Falling in Love Again with Butchers
Meat-isans: As a culture, we've portrayed butchers as scary, we've thought of them as sexy. Today at Civil Eats, Kathryn Quanbeck makes an argument for butchers as necessary, even as they're seriously endangered. Quanbeck suggests that whole-animal butchery is essential for a rational ― as opposed to a ravaging industrial ― food system. Quanbeck:
Gone are the days when supermarkets and butcher shops actually had skilled butchers on staff to help costumers with their questions and to suggest new cuts or preparation methods. Consolidation and vertical integration in the meatpacking industry led to the rise of "boxed beef," retail cuts sealed in plastic and packed in cardboard boxes. Instead of shipping carcasses from packing plants to retailers, plants began offering display case ready cuts. This development allowed retailers to cut costs on labor and time, and purchase more of the cuts their customers liked without having to market the entire animal.As remedy, she presents Chris Arentz and David Budworth of Avedano's Meats in Bernal (after the jump):
As a trained butcher, Arentz spoke about the satisfaction he feels by selling the whole animal, rather than just marketing the most popular cuts. "It takes a lot of work to raise an animal from birth to death," Arentz said. "Being a butcher, the ultimate respect I can pay to the animal is not to waste any part.
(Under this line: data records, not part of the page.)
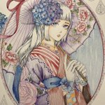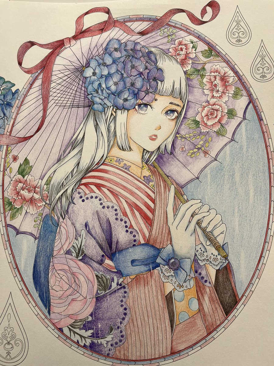 4 73 私の塗り絵はいつも薄すぎる、と旦那に言われたので、私好みの淡い色も重ねぬりも封印して、力の限り濃い塗り方でやってみました。着物楽しい #乙女と猫の物語 #大人の塗り絵 #色鉛筆 #ぬり絵 23/01/19 15:12
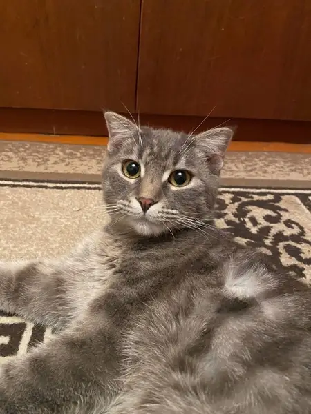 Выглядит на золотистую шиншиллу, оранжевый. Я шёл по улице где находится магазин Русские Фейерверки, котик ко мне начал бежать и мяукать, у него синий ошейник, глаза жёлтые - большие, хвост не очень короткий примерно средний
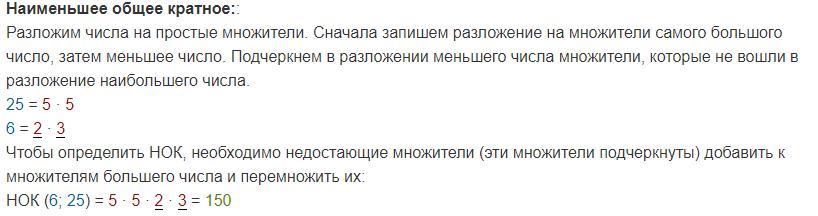 Разложим на простые множители числа 6 и 25:
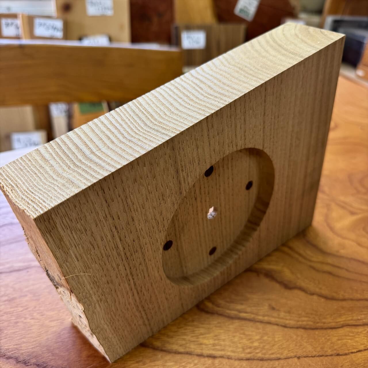 この時計は、製材や家具製作で切り落とされた小さな端材から生まれました。割れや虫穴など、木が歩んできた証をあえて残し、手を加えすぎず自然のままの風合いを大切にしています。
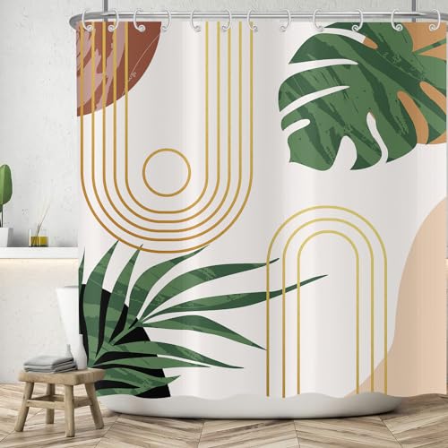 Rideau de Douche Aspirant Boho, Feuilles Abstraites Moderne,...
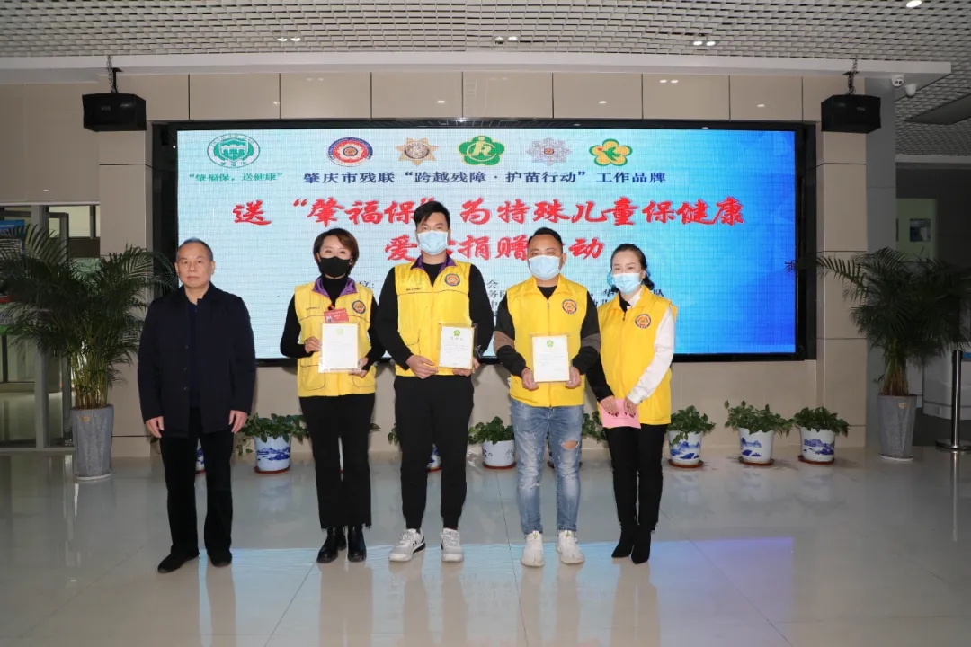 2022年1月13日,肇庆市残联在市残疾人综合服务大楼一楼大厅举办送“肇福保”为特殊儿童保健康爱心捐赠活动。市残联党组成员、二级调研员陈少强,广东狮子会三支服务队代表,受助残疾儿童及家长代表、市残联康教科及康复中心代表等参与了活动。 本次活动得到了广东狮子会星火服务队、岭南服务队和华贤服务队的慷慨捐赠和大力支持,共为肇庆市定点康复机构515名在训残疾儿童购买“肇福保”普惠性医疗保险,给特殊儿童提供了一个“更暖心、更稳固”的保障,同时也对在训儿童送上了新春的祝福。活动中,陈少强代表市残联向广东狮子会三支服务队回赠了感谢状。
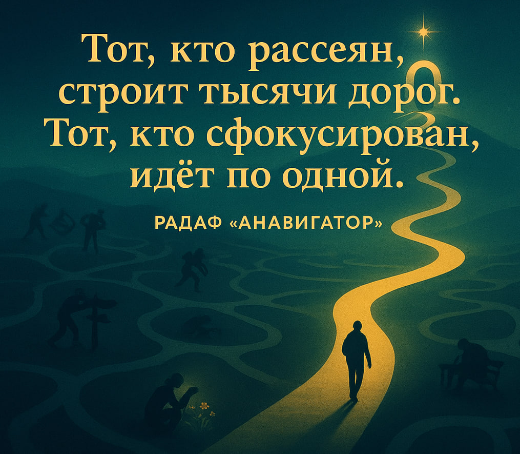 Возвращайтесь к одной главной цели каждый раз, когда тянет разветвиться в разных направлениях. Короткие «мне сейчас важно только то, что ведёт меня к цели» — это практический способ возвращать внимание к главному.
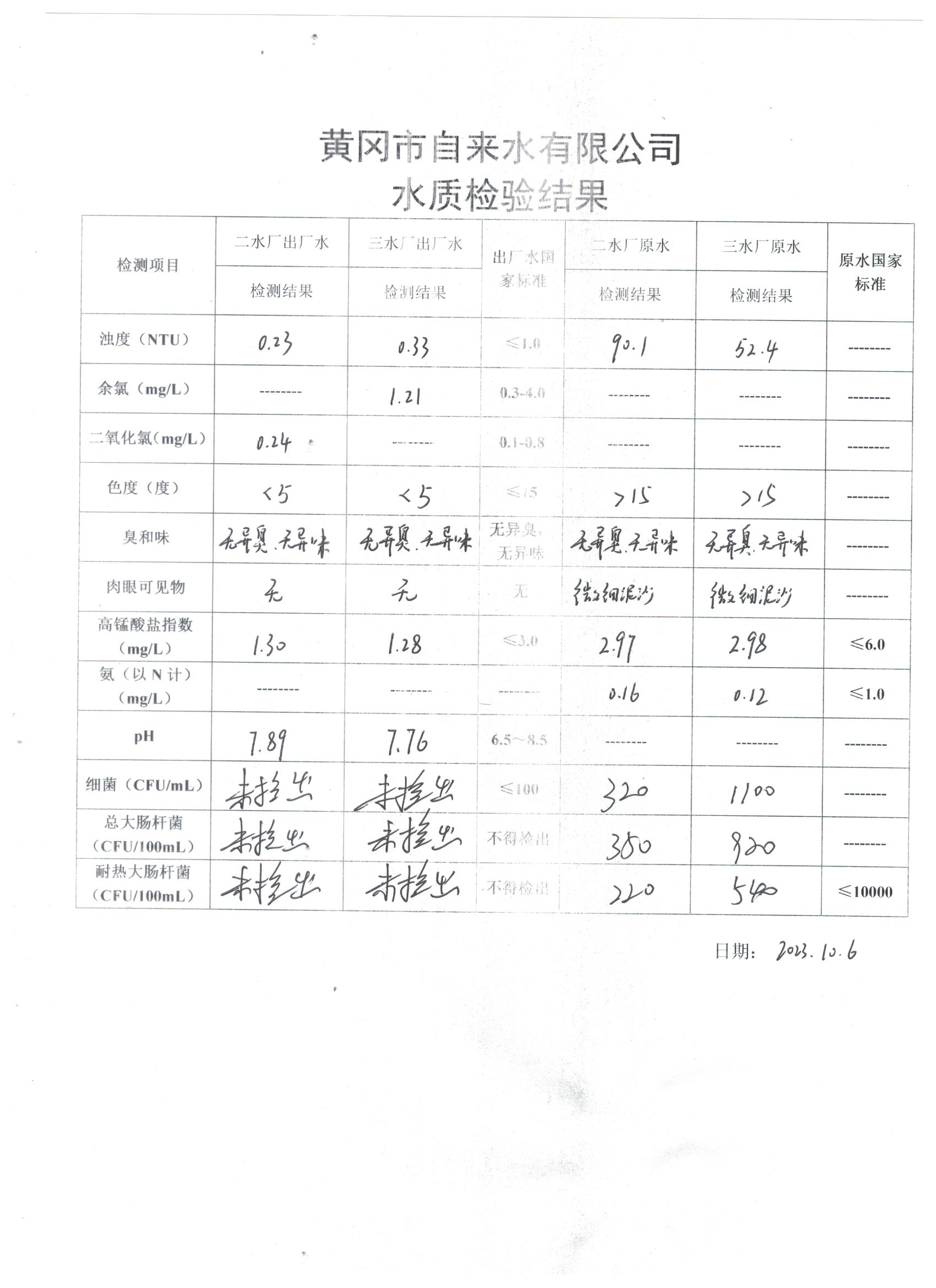 2023年10月6日水質(zhì)檢驗(yàn)日報表
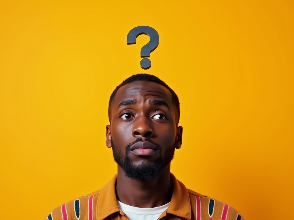 the image is a vibrant and colorful thumbnail, typically used for a youtube video. model with confused puzzled expression, question mark above head, bright plain brown background
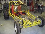 1641cc VW motor, swing axle transmission, Bugpack shifter, bugpack pcv breather, dual weber idf 40 carbs, electric fuel pump, remote oil filter and cooler, high output coil, hydraulic clutch
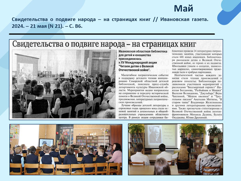 - Свидетельства о подвиге народа – на страницах книг // Ивановская газета. 2024. – 21 мая (N 21). – С. В6. (Скачать)
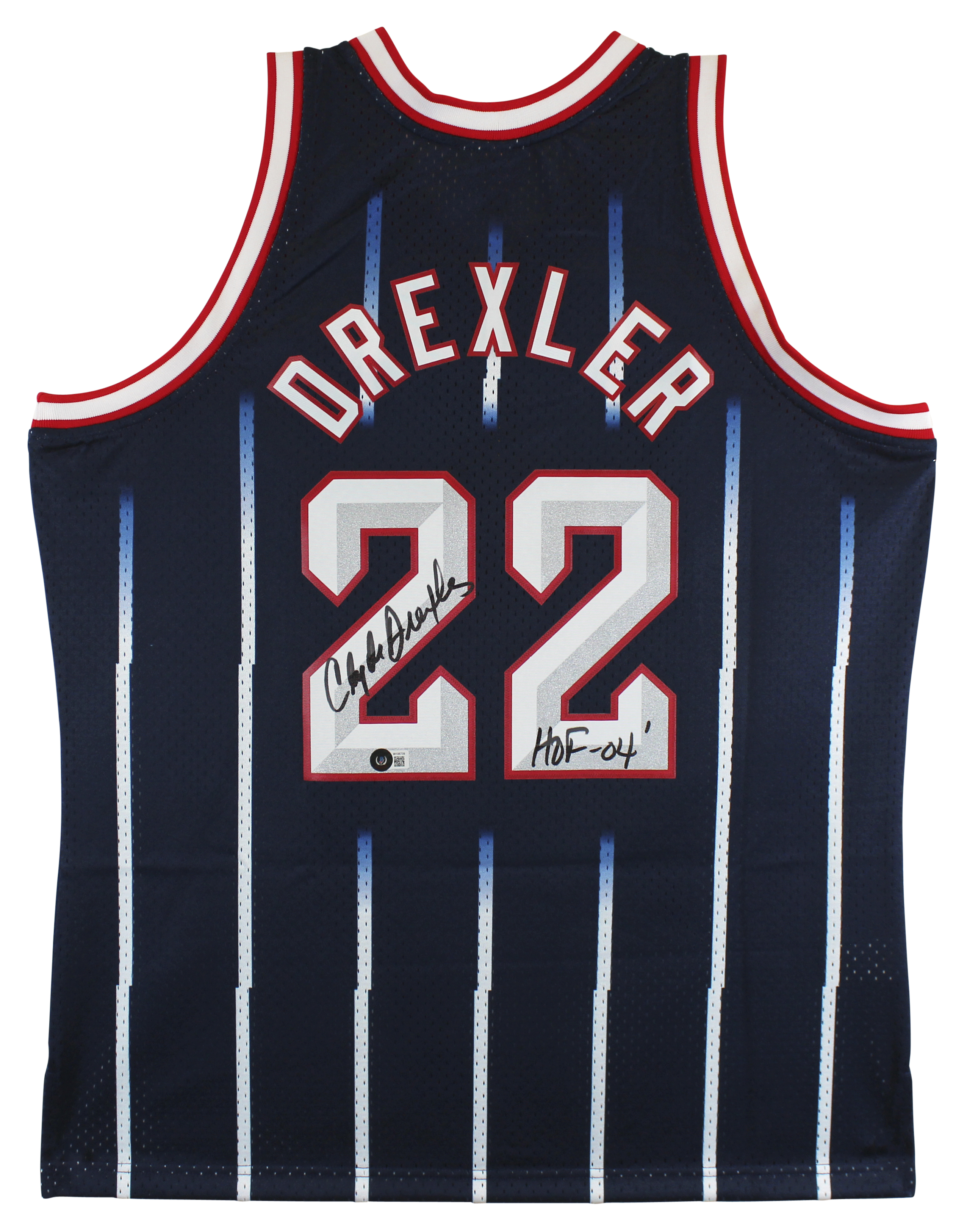 This Autographed Navy Blue Mitchell & Ness Jersey with the inscription of "HOF 04" has been Personally Signed by Clyde Drexler of the Houston Rockets. This item is 100% Authentic to include a hologram by Beckett Authentication Services. This item may come with the new Beckett Authentication hologram that has a scannable QR code rather than the traditional COA. If you would like to have a COA, you are welcome to reach out to Beckett for a printed certification once you receive your item. This is a BAS Witnessed Protection Program item which means a Beckett Authentication Service representative was present when this item was being signed. We conducted an autograph signing with Clyde Drexler where multiples of the same item were signed. While the photographs are representative of this item, the size, placement and strength of the signature may vary. Each item is hand signed, therefore, each autograph is unique. This item can be verified through BAS Witnessed. This is a X-Large sized, non-branded, custom-stitched Jersey.
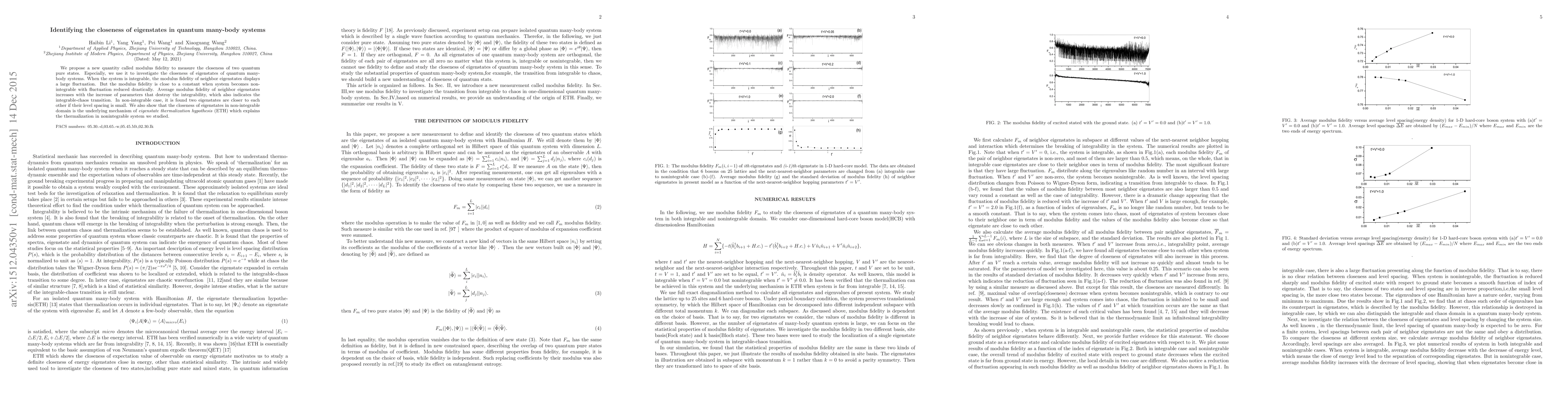 We propose a new quantity called modulus fidelity to measure the closeness of two quantum pure states. Especially, we use it to investigate the closeness of eigenstates of quantum many-body systems. When the system is integrable, the modulus fidelity of neighbor eigenstates displays a large fluctuation. But the modulus fidelity is close to a constant when system becomes non-integrable with fluctuation reduced drastically. Average modulus fidelity of neighbor eigenstates increases with the increase of parameters that destroy the integrability, which also indicates the integrable-chaos transition. In non-integrable case, it is found two eigenstates are closer to each other if their level spacing is small. We also show that the closeness of eigenstates in non-integrable domain is the underlying mechanism of \emph{eigenstate thermalization hypothesis} (ETH) which explains the thermalization in nonintegrable system we studied.
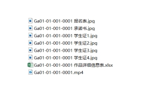 报送至学校的电子版文件,内容包括:作品文件以及报名表、承诺书、所有作者的学生证拍图、作品详细信息表(作品文件均以参赛编号命名,其他文件命名方式:参赛编号+报名表、参赛编号+承诺书、参赛编号+学生证1、参赛编号+学生证2、作品详细信息表,作品详细信息表格式见附件2),报名表和承诺书都需要电子签名,最后必须以zip或rar压缩包整理所有文件,文件命名为参赛编号,可参看下列图示举例:

That would be a waste of not only the animal, but also the farmer's work, time and energy that went into raising it."Once, on a cross-continent drive, my boyfriend and I made a late-night motel stop in some bleak Nebraska town ― site, we were to find out, of a sprawling IBP beef-processing plant.
As we picked our way along a town road to get to the glaring motel sign up ahead, we realized we were in the middle of a shift change: workers ― Central American guys, by the looks of things ― in hairnets and smocks, trudging back to their housing. they were factory workers, not butchers, men who could've been assembling TVs or toaster ovens, except that none of those things are made in the U.S. Next day, when we could see the dust and the bleakness of that town, the huge factory buildings low against the hills, the burgers looking up at us from their plates in the coffee shop seemed downright poisoned.